Advanced search strategy, without search services
Nearly all search-engines look for
relevant information on the homepages of the Internet. But there are also other
sources full of answers:
Newsgroups are forums, where
people e-mail their opinions on the newsgroup topic. Their mails can be read by
every participant of that forum. There are more than ten thousand newsgroups
discussing many different topics (“Liszt – the mailing list directory” helps to
find a newsgroup on a certain topic). There are already services, which search
through all newsgroups for a keyword (like “Dejanews”).
FAQ-archives contain answers
to Frequently Asked Questions (FAQ) on a certain topic.

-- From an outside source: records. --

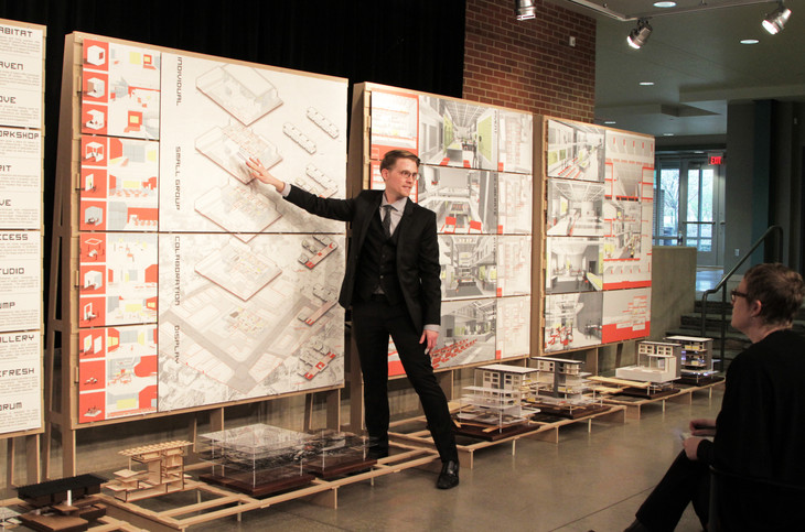 The initial lines of the drawing that help to lay out the drawing on the page and create the basic geometry and guides for the rest of the drawing. These lines are to be drawn very lightly - dark enough for you to see while drawing, but delicate enough to be easily erased later. Though these lines are typically erased for construction documents, they may be found in presentation drawings to assist the viewer in graping the salient relationships at work. Though these are light lines, it's important to remember that these are still intended to be visible - do not confuse "light" with "hard to see."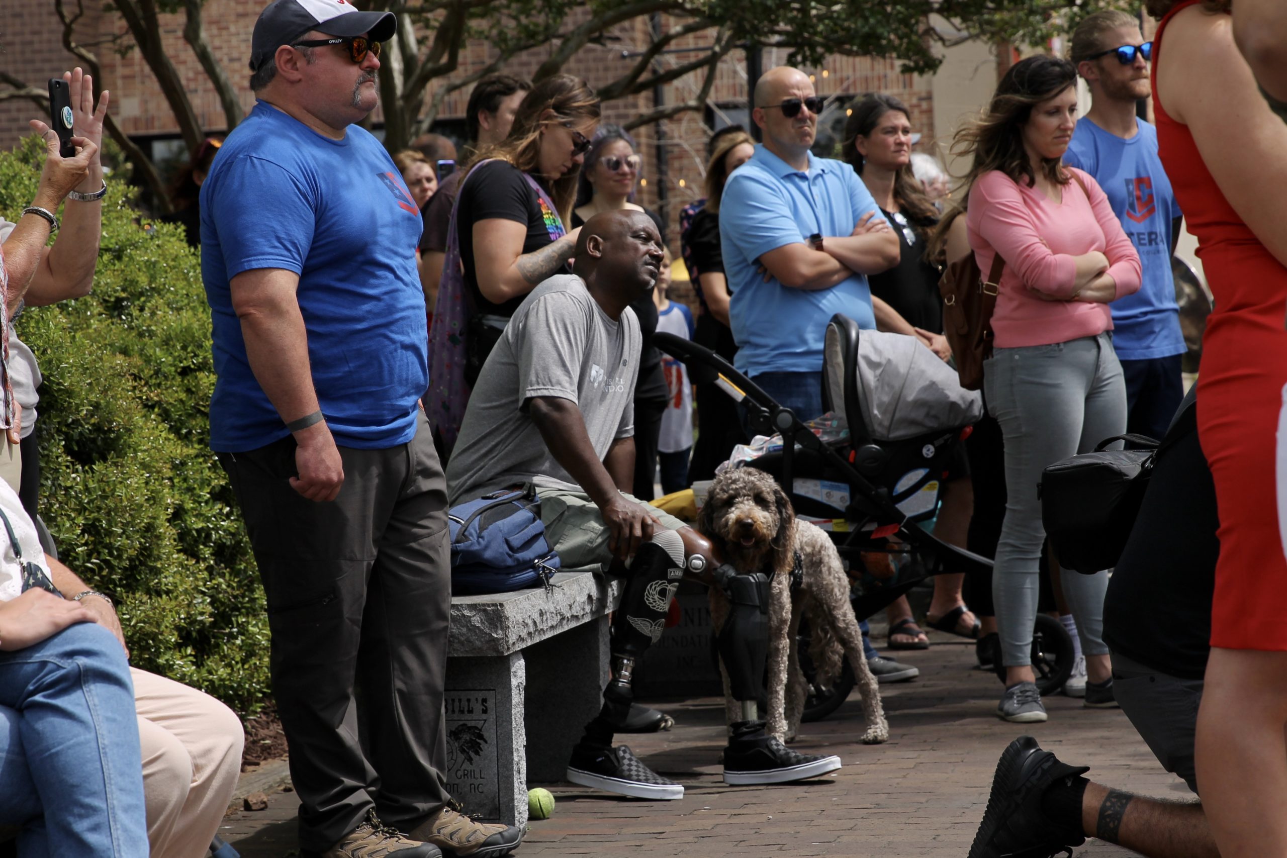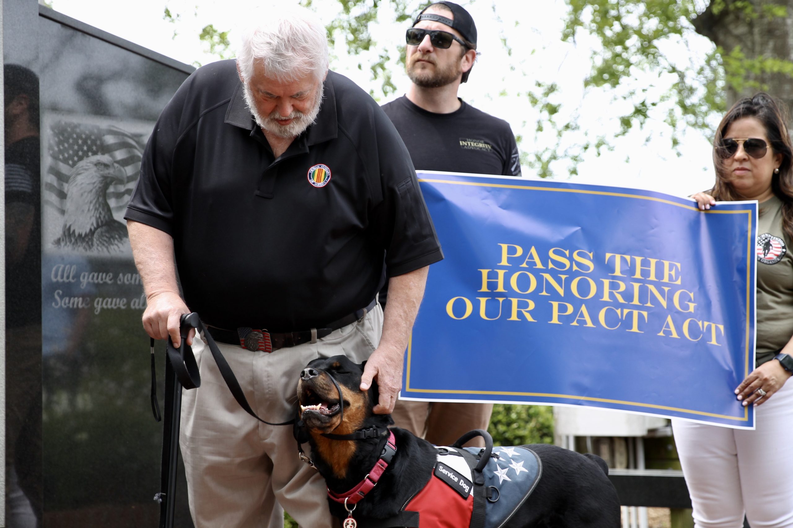 WILMINGTON — A crowd of veterans, loyal service canines and supporters who lost loved ones to health hardships linked to their overseas deployment gathered along the Wilmington waterfront Thursday. In front of the Veterans Memorial, they held signs and spoke through bullhorns in advocacy for a bill that would extend medical care and compensation to former soldiers now facing health repercussions for living, sleeping and fighting near toxic burn pits.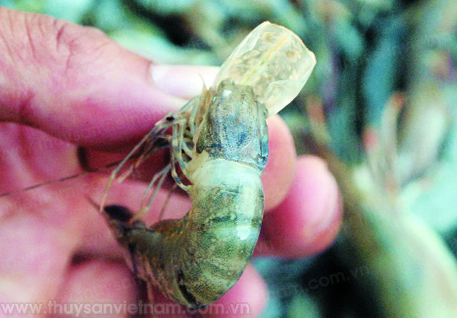 Tôm bị bệnh đốm trắng gây thiệt hại lớn cho người nuôi – Ảnh: Máy Cày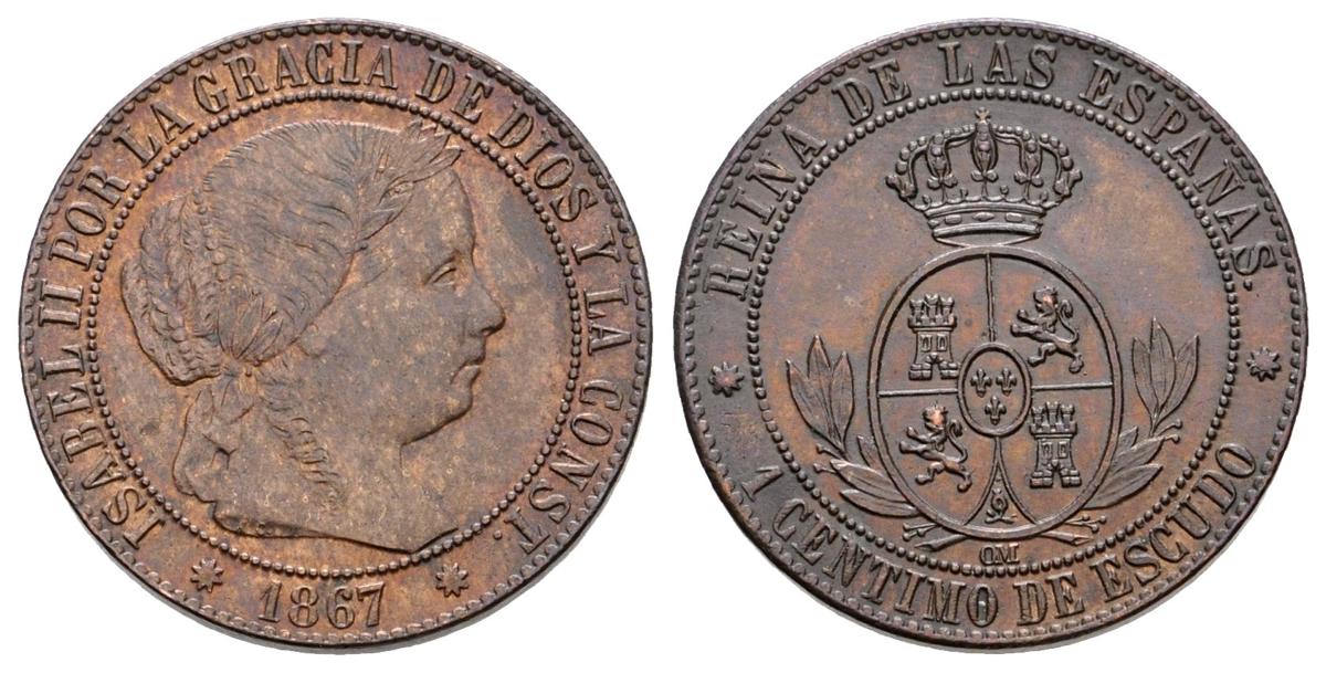 ISABEL II. 1 Céntimo de escudo. 1867. Barcelona OM. Cal-654. Ae. 2,45g. EBC-/EBC.

One can search for a special archive at the
Usenet Hypertext FAQ Archive Search.
Files, comprising information,
can be downloaded from FTP-servers. To locate relevant files, Archie-systems
(search-service for ftp-directories) can be used (like ArchiePlexForm).
The Internet user has also
access to huge databases of nearly every topic. To find these databases, search
services should be used.
If a sufficient answer was still not
found, the question should be asked in a related newsgroup. The last possible
step is to create an own homepage, stating the question clearly and to hope for
outlook into the future
The future development of the
Internet must be seen under three aspects. On the one hand, the WWW grows
permanently, as more and more companies and people are going online. But as the
Internet contains more information, searching for certain information becomes
more difficult. On the other hand, the technical infrastructure is improved for
the growth of the WWW (e.g. ATM – asynchronous transmission mode ). So,
information is transmitted faster.
I’m convinced, that the third aspect
is the most important one. Software companies and other programmers have
realised, that the search services must be improved to allow a fast access to
the Internet. There are already projects inventing search services with
“artificial intelligence”, which would simplify the dialogue between man and
computer. This dialogue is the greatest problem of recent search services.